Emile Learning, Harvard And UPenn-Founded Virtual Learning Solution, Offers Free September Access
Emile Learning, an LA-based education company working to build the ‘Netflix of High School’, is offering free student access for the month of September.
“We threw all our energy this past year into innovating with this generation of young people in mind,” said President and Co-Founder Michael Vilardo. “We think students who try out our product will fall in love with the approach, so much so that they’ll continue with Emile well beyond September.”

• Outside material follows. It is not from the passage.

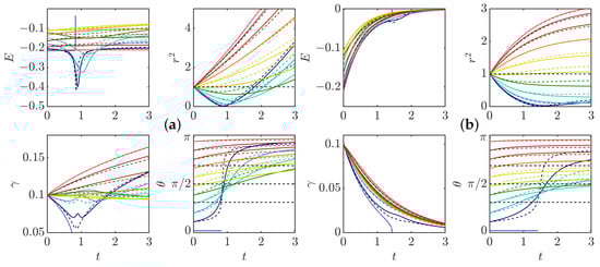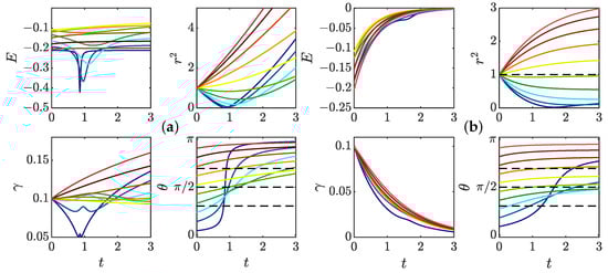 Dynamics of a dipole of pinçon for various initial conditions and (a) without friction, corresponding to the initial stage of the dynamics, just after pinçons creation; (b) with friction coefficient 0.7, corresponding to the late stage dynamics. The radius is initially fixed to , the dipole intensity is initially set to and the initial dipole orientation is fixed at different values between 0 and (identified by different colors). The panel represents the time evolution of the different quantities: E: Interaction energy; : Square of Dipole separation; : Dipole intensity; : Dipole orientation. Black dashed lines on figure correspond to , and .
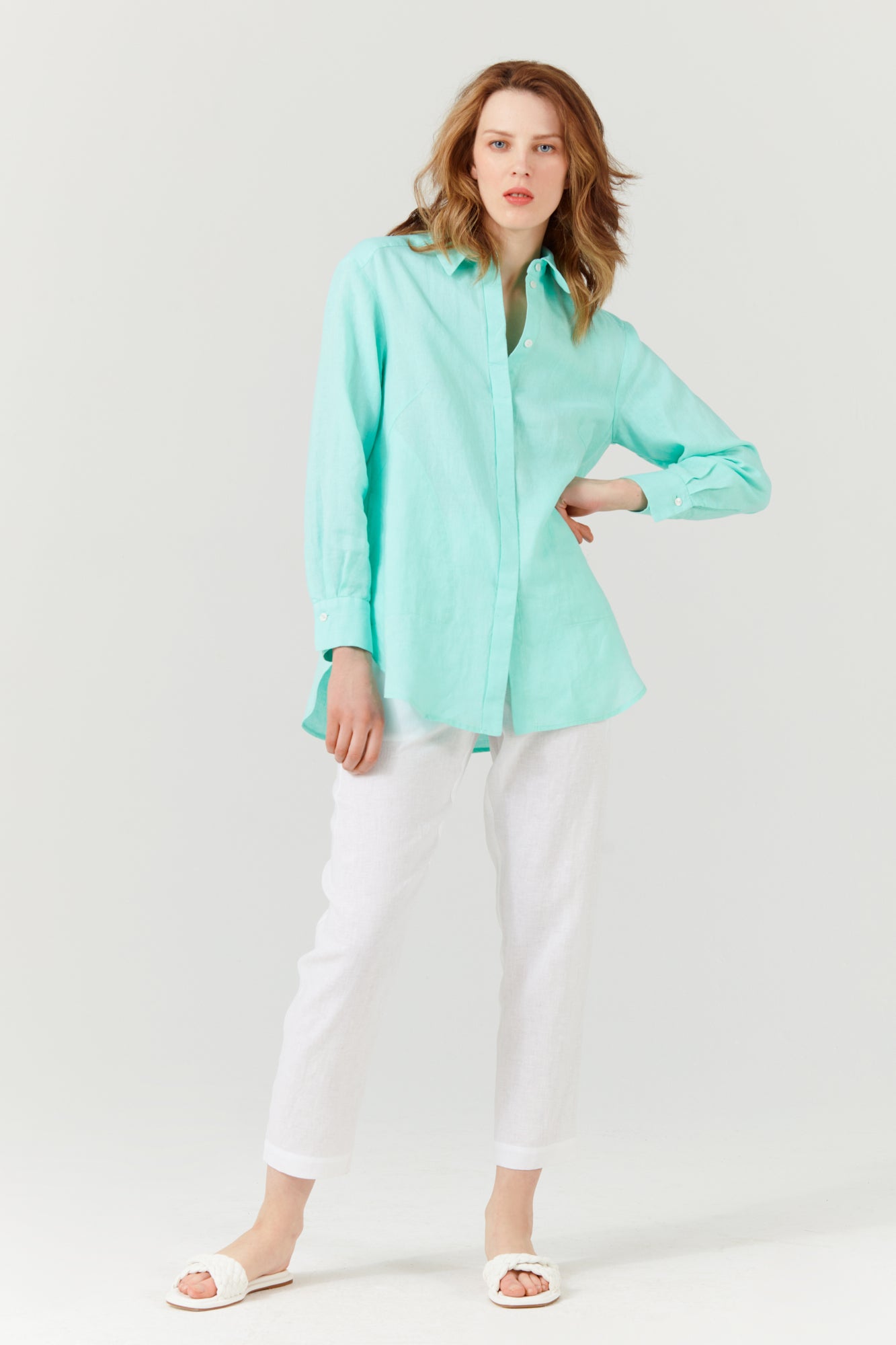 LINEN STRAIGHT LEG TROUSERS WITH STRIPE

Emile currently offers 20+ AP, Core, and Experiential courses for high schoolers. With September’s free access, students will have unlimited access to Emile’s entire course library through September 30, 2021. Courses include: AP Computer Science, Introduction to Computer Science, AP Psychology, AP English Language and Literature, AP Chemistry, AP Calculus, Algebra 2, AP World History, Acting, Financial Literacy, and several others.
Emile Learning was founded in October 2020 by CEO Felix Ruano, Harvard University/McKinsey & Co. alum, Vilardo, University of Pennsylvannia/Nike/Uber alum, and CTO Jon Quiros, Dun & Bradstreet and Cal Poly Pomona alum.

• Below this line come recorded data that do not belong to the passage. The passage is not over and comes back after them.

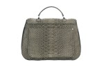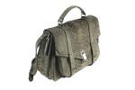 Treated python flap front satchel bag with metal foldover closure, python straps, handle and adjustable removable shoulder strap. Two-zipper pockets and one open pocket. Canvas lined interior with leather-trimmed zipper pocket.
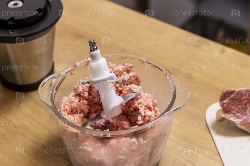 Просто молотый мясной фарш в стеклянном шарике электрического вертолета на кухонной столешнице. готовить
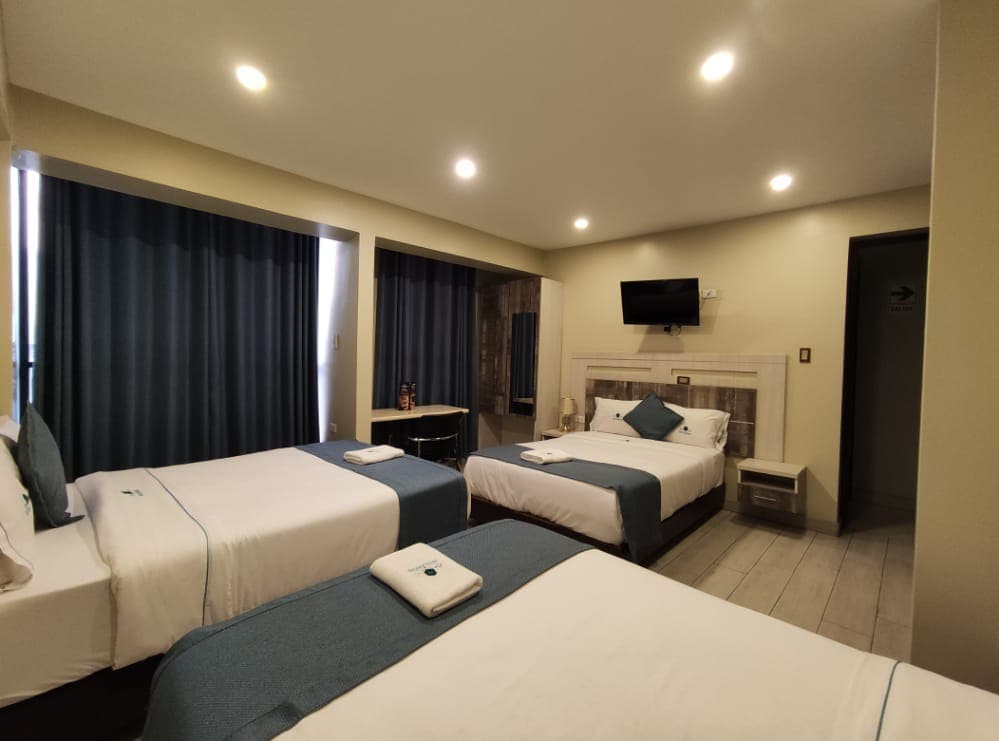 Disfruta de una estadía única en nuestra Suite Estándar, diseñada para tu descanso. Aquí tendrás todo lo que necesitas: ✔ Agua caliente y toallas suaves ✔ TV y WiFi de alta velocidad ✔ Secadora de cabello y frigobar ✔ Atención cálida y personalizada ✔ Estancia extendida (+30 horas) *Este tipo de suite tiene vista interna Regálate la experiencia que mereces✨
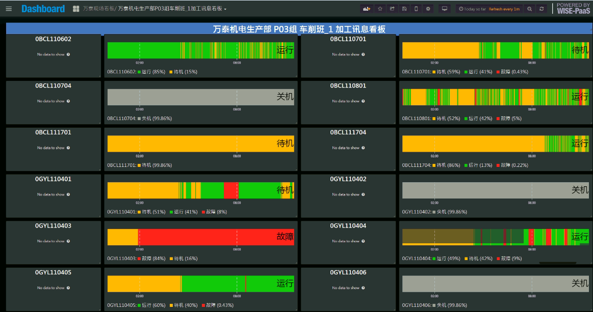 從底層數據采集到數據邊緣運算,并通過WisePaas Dashboard呈現,實現數據的可視化。初步擬定以車床車間和銑床車間為一期工程,提供開放式系統平臺,全面實現設備聯網、數據采集,數位化智能管理等預期。在一期工程完成后,借助研華方案強大的可擴展性,在系統架構上可彈性實現其他廠區車間的工程布建。

“We have all seen the impact of TikTok, Netflix, Instagram on Gen-Z attention spans. These companies continue to innovate to stay relevant. Unfortunately, we have not seen that kind of approach in education. Emile is here to change that,” said Ruano.

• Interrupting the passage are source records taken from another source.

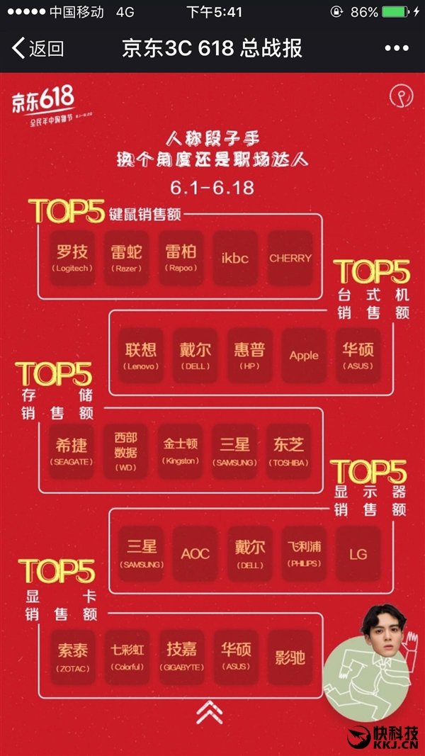 在2017年京东618狂欢节上,ikbc凭借着出色的销量超越chreey,在京东键鼠品类中销量排名第四!
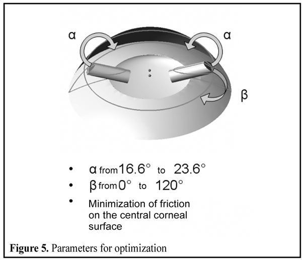Bimanual  phacoemulsification  method. The simulation of flow was carried with varying of different parameters of the configuration of devices: angles perpendicular to the plane of iris; angles parallel to the plane of iris and depth of instruments penetration. Nine various situations were discussed, out of which the best and the worst positions were identified. The pressure in the central part of the cornea (against the intake pressure of fluid in irrigation device) and average velocity of the flow in the central part of the cornea (friction force in the cornea) were used as criteria for selection. The best result was obtained when the devices were symmetrically positioned and directed in the center of the lens. The worst results were obtained when the instruments were positioned at a shallow angle to each other and had various depth of penetration. Two parameters were selected for further optimization. The first parameter is an angle in the plane perpendicular to the iris plane. Both instruments will symmetrically move along it within the appropriate range. The second parameter is an angle in the plane parallel to the iris plane. It will be established at the irrigation device and vary within the preset range at the aspirator (Fig. 5).
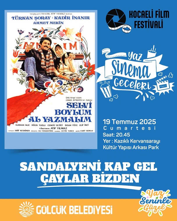 Gölcüklü sinemaseverler, sıcak yaz akşamlarında Gölcük Belediyesi'nin ücretsiz Yaz Sinema Geceleri etkinliğinde keyifli anlar yaşayacak. Açık havada sinema keyfi; 19 Temmuz Cumartesi günü saat 20.45’te Kazıklı Kervansarayı Kültür Merkezi arkasında bulunan parkta başlayacak. Kendi sandalyesini alarak Kervansaray arkasında bir araya gelecek sinemaseverler, çay ikramı eşliğinde Türk sinemasının unutulmaz eserlerinden olan “Selvi Boylum Al Yazmalım” filmini izleyerek hoşça vakit geçirecekler.
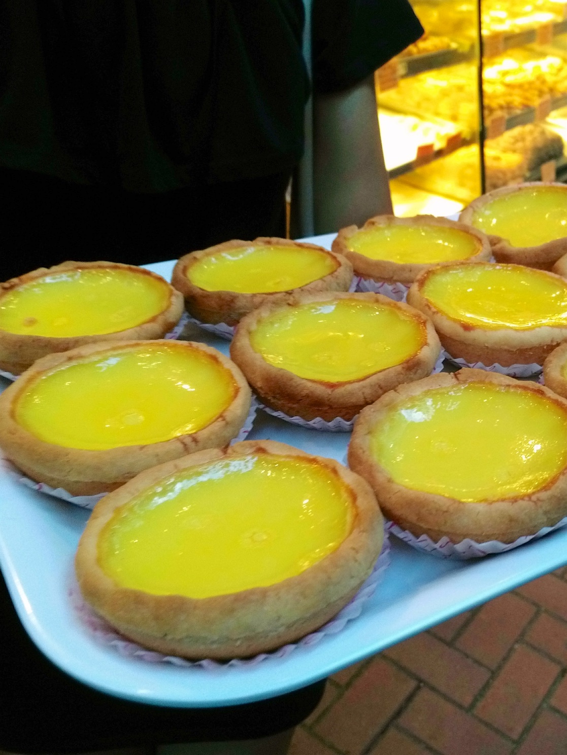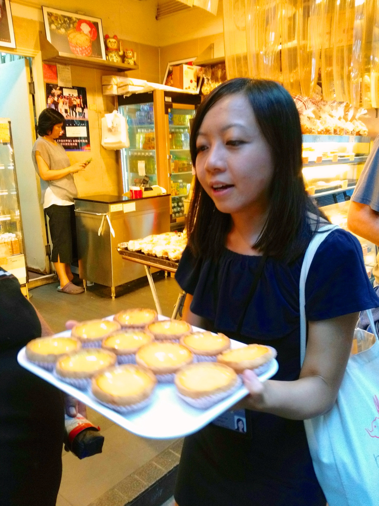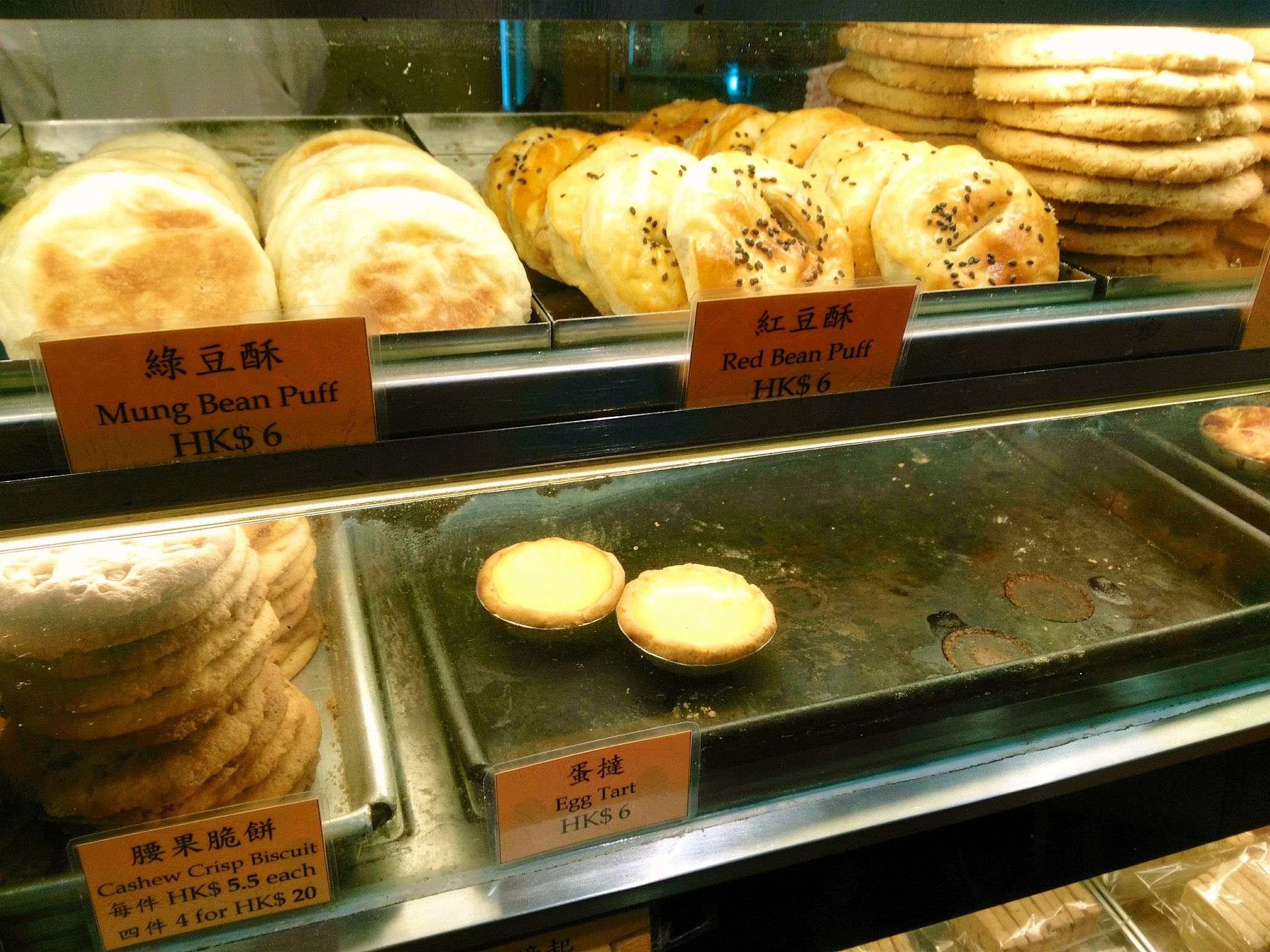 Den krönenden Abschluss der Food Tour bildete ein Besuch bei „Hei Lee Cake Shop“ (3 Hillier Street). Dort gab es für uns Egg Tarts, Blätterteigpasteten mit Puddingfüllung, zu probieren. Die Egg Tarts kamen ursprünglich mit den Portugiesen nach Macau und dann von dort nach Hongkong. Während die Egg Tarts in Macau ein etwas karamellisierteres Aussehen haben, ähneln die Egg Tarts in Hongkong eher glänzenden britischen Custard Tarts. Lecker sind sie aber beide!
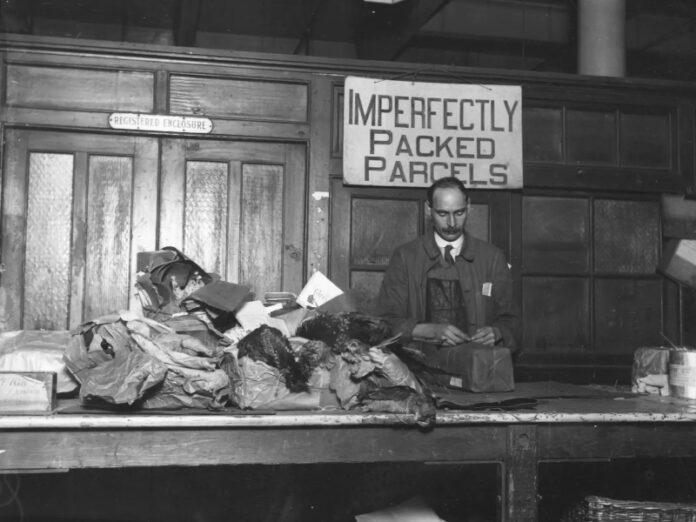 Na imagem destacada, que nos remete ao ano 1926, podemos ver um colaborador postal da USPS lidando com encomendas muito mal embaladas para serem entregues pelos métodos usais (normais). Na placa podemos ler “Imperfectly Packed Parcels”, numa tradução livre “Encomendas Embaladas de forma Imperfeita”. Além desta mensagem na parede o precário volume em cima do balcão, indiscutivelmente, reforça esta conclusão.

Emile’s short-form courses are designed to promote engagement in a digital landscape where scrolling is the norm. By taking best practices from leading consumer technologies and social platforms, Emile is innovating to meet high school students’ evolving learning strategies and needs.
Highly-engaging teachers pulled from students’ favorite social channels present short-form video content, anchored to key concepts. Quizzes and study-guides reinforce learning. Access to a large online community and a roster of seasoned teachers increases interactivity and feedback. Finally, high schoolers have the option to take the courses purely for enrichment (e.g., to help supplement existing high school coursework) or for transcript-level credit.
“The for-credit option is really special. This means we can empower students to learn anything, anywhere, anytime– and get high school transcript credits,” said Vilardo.